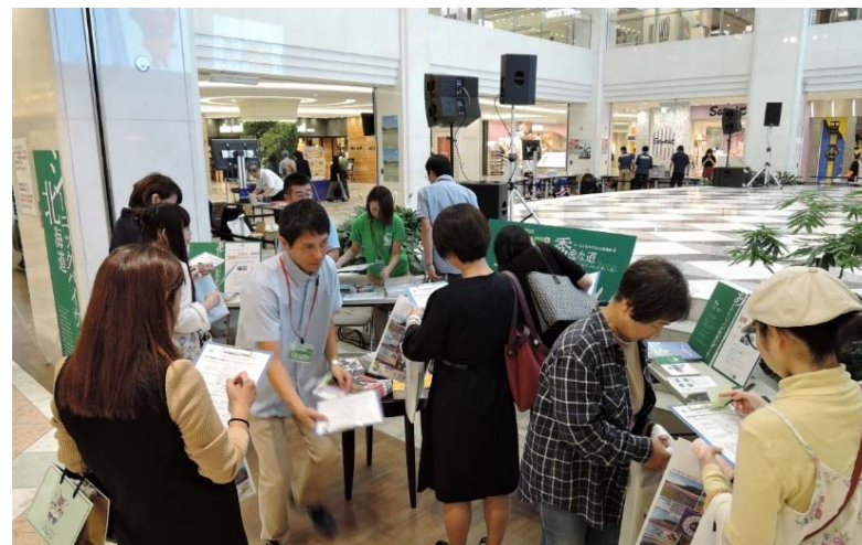
サンシャインシティ(池袋)で開催された北海道フェアでのPR
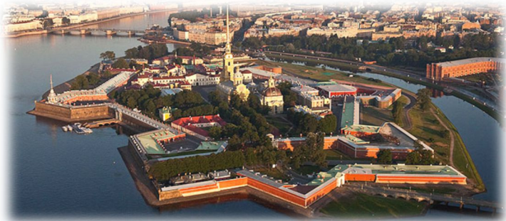
Fortezza SS Pietro e Paolo

Pensione completa. San Pietroburgo, la metropoli più nordica d'Europa, con i suoi 5 milioni di abitanti sorge sul delta del fiume Neva. La città, elegante e misteriosa è frutto della grandezza ma anche della tirannia dello zar Pietro Il Grande, in soli trecento anni è entrata a far parte della storia per la sua bellezza, per il suo splendido museo, per i suoi cittadini, per la sua sofferenza. Mattina dedicata alla visita panoramica di S. Pietroburgo : il Piazzale delle Colonne Rostrate, la Piazza del Palazzo, la Prospettiva Nevski, il Campo di Marte (splendido giardino), la Colonna di Granito. Nel pomeriggio visita della Fortezza dei SS. Pietro e Paolo (ingresso incluso) così chiamata in onore dei santi protettori degli zar, voluta come fortezza da Pietro il Grande. Pernottamento.
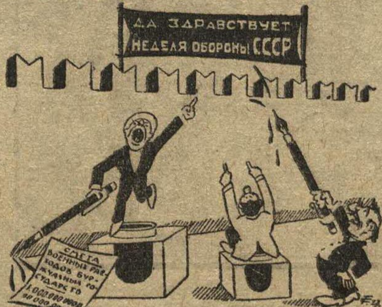
БУРЖУАЗНЫЕ ПИСАКИ. Вот он, красный милитаризм.

Далее идут более откровенные формы агитации. В любом из соседних государств организуются массовые гулянья военного характера, но на
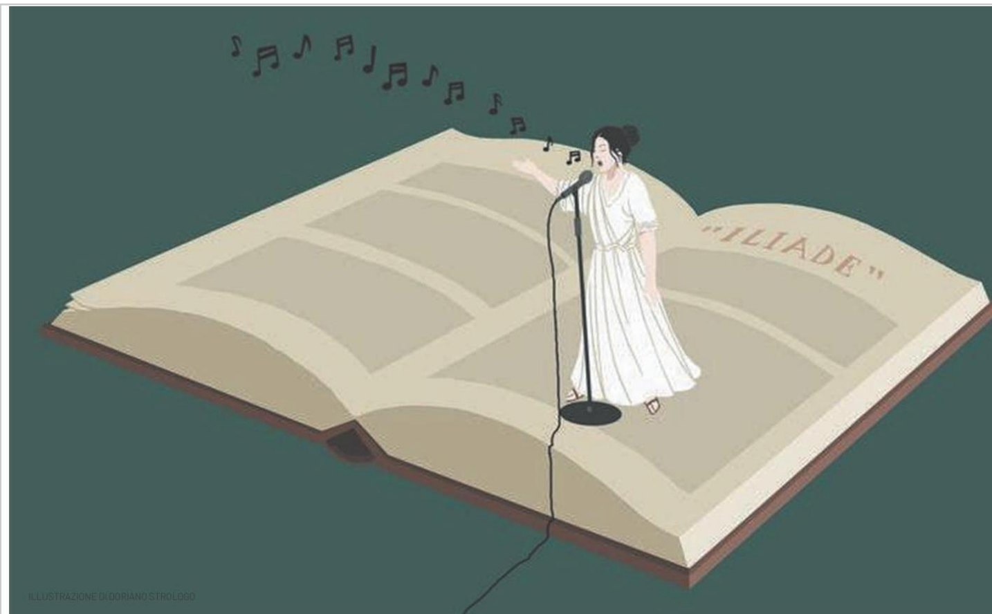
ILLUSTRAZIONE DI DORIANO STROLOGO

La proprietà intellettuale è riconducibile alla fonte specificata in testa alla pagina. Il ritaglio stampa è da intendersi per uso privato
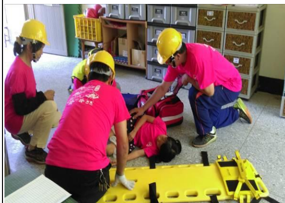
說明：搶救班組員進入教室搶救受傷學生
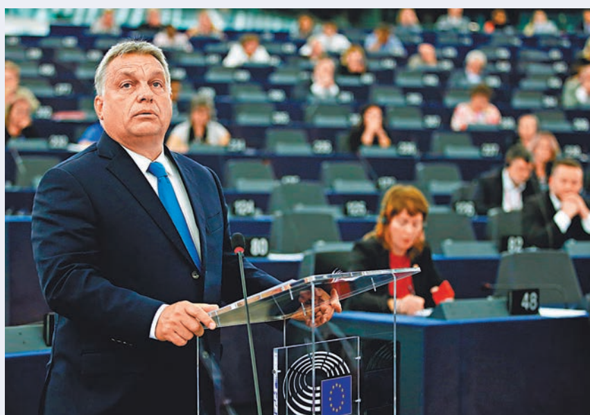
■ 歐爾班昨日到歐洲議會出席辯論，為匈牙利辯護。
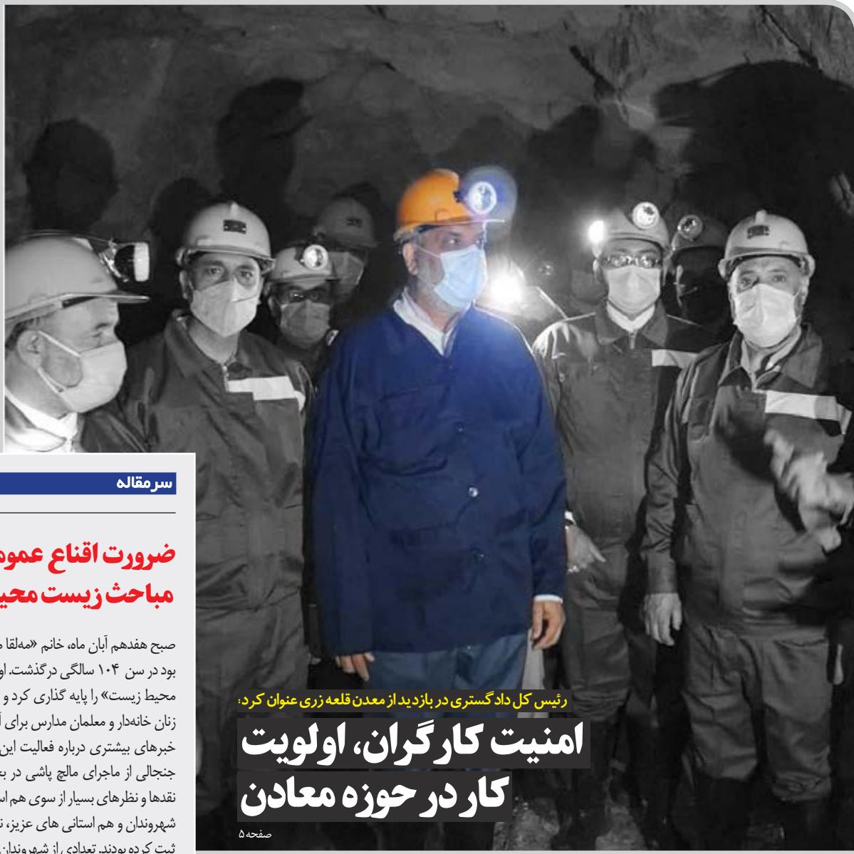
رئیس کل دادگستری در بازدید از معدن قلعه زری عنوان کرد.

چهارشنبه ۱۹ آبان ۱۴۰۰ * ۴ ربیع الثانی ۱۴۴۳ * ۱۰ نوامبر ۲۰۲۱
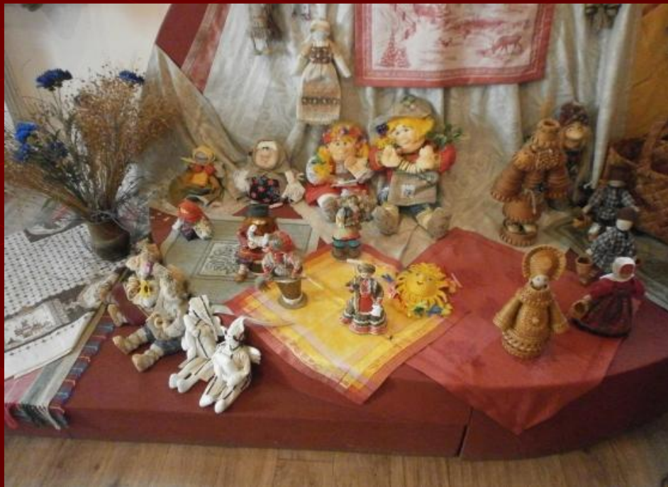
Льняные изделия- скатерти, салфетки
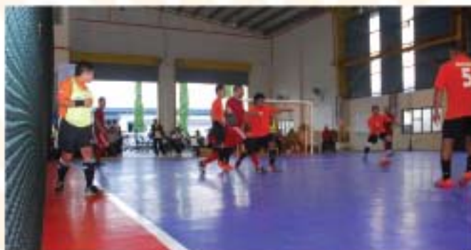
▲ Perlawanan futsal yang menyaksikan pasukan dari Zon Wilayah berentap menentang pasukan dari Zon Sarawak.
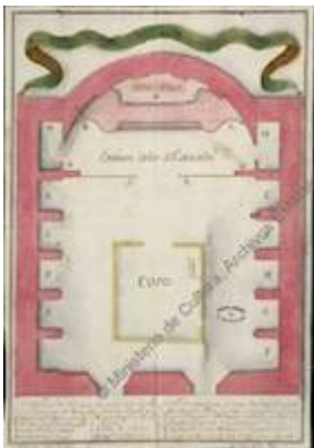
Planta de la Iglesia mayor de Orán (1734)
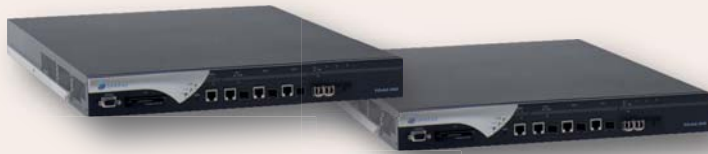
Die zentrale Intelligenz der hochverfügbaren Speicherlösung stellen die beiden gespiegelten SANRAD 3400 Switches dar
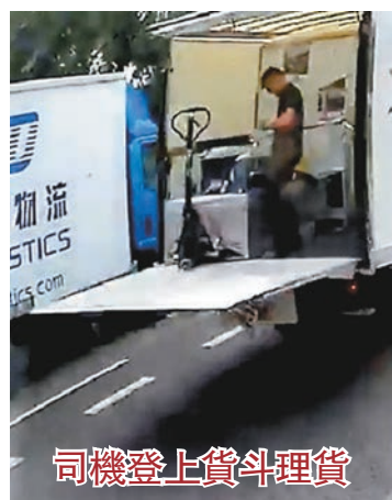
司機登上貨斗理貨
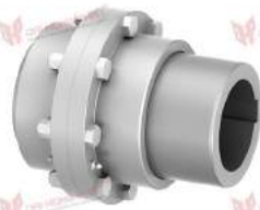
Khớp nối răng TNZ ZCAU/ZCBU
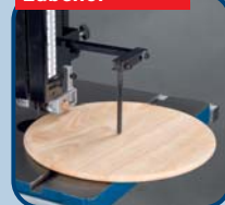
Kreisschneideeinrichtung HBS 431/433/533 Art.-Nr. 515 2001, € 49,00 zzgl. MwSt.
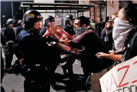
■加州示威者與警方推撞。 路透社

特朗普勝選後，全美各地多個城市均有民眾舉行「反特」示威，其中俄勒岡州波特蘭前晚約有4,000人示威，高呼「向法西斯主義者說不」、「不要仇恨」及「革命」等口號，有人塗污建築物外牆、投擲雜物及搗毀汽車，部分人更用棒球棍襲擊警員及放火。當局宣佈當地爆發暴動，警員發射橡膠子彈及催淚氣體驅散滋事者，最少拘捕29人，又封鎖5號及84號州際公路部分路段，防止騷亂蔓延。加州奧克蘭前晚約有1,000人在市中心非法集會，部分人堵塞580號州際公路，當局施放催淚氣體，拘捕最少兩人。洛杉磯、三藩市、費城、丹佛及首都華盛頓等地均有大批民眾示威。在特朗普家鄉紐約市，示威者前晚再次在特朗普大廈外聚集示威。特朗普選後首度透過微博twitter發文，形容針對他的示威非常不公平。他斥責「專業示威者」在媒體煽動下鬧事。不過到了昨日，他的態度大扭轉，在twitter稱：「我欣賞一小部分示威者對國家展現的熱情……我們會團結起來並感到自豪！」 ■美聯社/路透社/美國有線新聞網絡
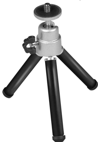
Mini trépied portable
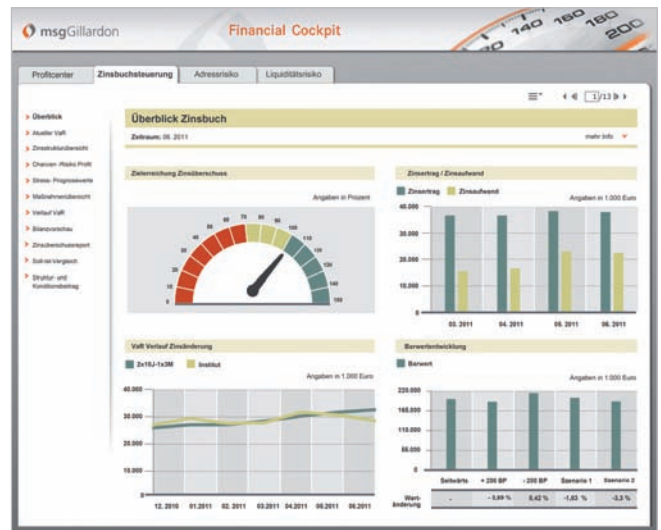
Abbildung 2: Beispielansicht – Überblick Zinsbuchsteuerung

▶ **WORK ORDER**:
Your copy should match the entries exactly, minus the pictures.

▶ **SOLUTION**:
サンシャインシティ(池袋)で開催された北海道フェアでのPR
Fortezza SS Pietro e Paolo

Pensione completa. San Pietroburgo, la metropoli più nordica d'Europa, con i suoi 5 milioni di abitanti sorge sul delta del fiume Neva. La città, elegante e misteriosa è frutto della grandezza ma anche della tirannia dello zar Pietro Il Grande, in soli trecento anni è entrata a far parte della storia per la sua bellezza, per il suo splendido museo, per i suoi cittadini, per la sua sofferenza. Mattina dedicata alla visita panoramica di S. Pietroburgo : il Piazzale delle Colonne Rostrate, la Piazza del Palazzo, la Prospettiva Nevski, il Campo di Marte (splendido giardino), la Colonna di Granito. Nel pomeriggio visita della Fortezza dei SS. Pietro e Paolo (ingresso incluso) così chiamata in onore dei santi protettori degli zar, voluta come fortezza da Pietro il Grande. Pernottamento.
БУРЖУАЗНЫЕ ПИСАКИ. Вот он, красный милитаризм.

Далее идут более откровенные формы агитации. В любом из соседних государств организуются массовые гулянья военного характера, но на
ILLUSTRAZIONE DI DORIANO STROLOGO

La proprietà intellettuale è riconducibile alla fonte specificata in testa alla pagina. Il ritaglio stampa è da intendersi per uso privato
說明：搶救班組員進入教室搶救受傷學生
■ 歐爾班昨日到歐洲議會出席辯論，為匈牙利辯護。
رئیس کل دادگستری در بازدید از معدن قلعه زری عنوان کرد.

چهارشنبه ۱۹ آبان ۱۴۰۰ * ۴ ربیع الثانی ۱۴۴۳ * ۱۰ نوامبر ۲۰۲۱
Льняные изделия- скатерти, салфетки
▲ Perlawanan futsal yang menyaksikan pasukan dari Zon Wilayah berentap menentang pasukan dari Zon Sarawak.
Planta de la Iglesia mayor de Orán (1734)
Die zentrale Intelligenz der hochverfügbaren Speicherlösung stellen die beiden gespiegelten SANRAD 3400 Switches dar
司機登上貨斗理貨
Khớp nối răng TNZ ZCAU/ZCBU
Kreisschneideeinrichtung HBS 431/433/533 Art.-Nr. 515 2001, € 49,00 zzgl. MwSt.
■加州示威者與警方推撞。 路透社

特朗普勝選後，全美各地多個城市均有民眾舉行「反特」示威，其中俄勒岡州波特蘭前晚約有4,000人示威，高呼「向法西斯主義者說不」、「不要仇恨」及「革命」等口號，有人塗污建築物外牆、投擲雜物及搗毀汽車，部分人更用棒球棍襲擊警員及放火。當局宣佈當地爆發暴動，警員發射橡膠子彈及催淚氣體驅散滋事者，最少拘捕29人，又封鎖5號及84號州際公路部分路段，防止騷亂蔓延。加州奧克蘭前晚約有1,000人在市中心非法集會，部分人堵塞580號州際公路，當局施放催淚氣體，拘捕最少兩人。洛杉磯、三藩市、費城、丹佛及首都華盛頓等地均有大批民眾示威。在特朗普家鄉紐約市，示威者前晚再次在特朗普大廈外聚集示威。特朗普選後首度透過微博twitter發文，形容針對他的示威非常不公平。他斥責「專業示威者」在媒體煽動下鬧事。不過到了昨日，他的態度大扭轉，在twitter稱：「我欣賞一小部分示威者對國家展現的熱情……我們會團結起來並感到自豪！」 ■美聯社/路透社/美國有線新聞網絡
Mini trépied portable
Abbildung 2: Beispielansicht – Überblick Zinsbuchsteuerung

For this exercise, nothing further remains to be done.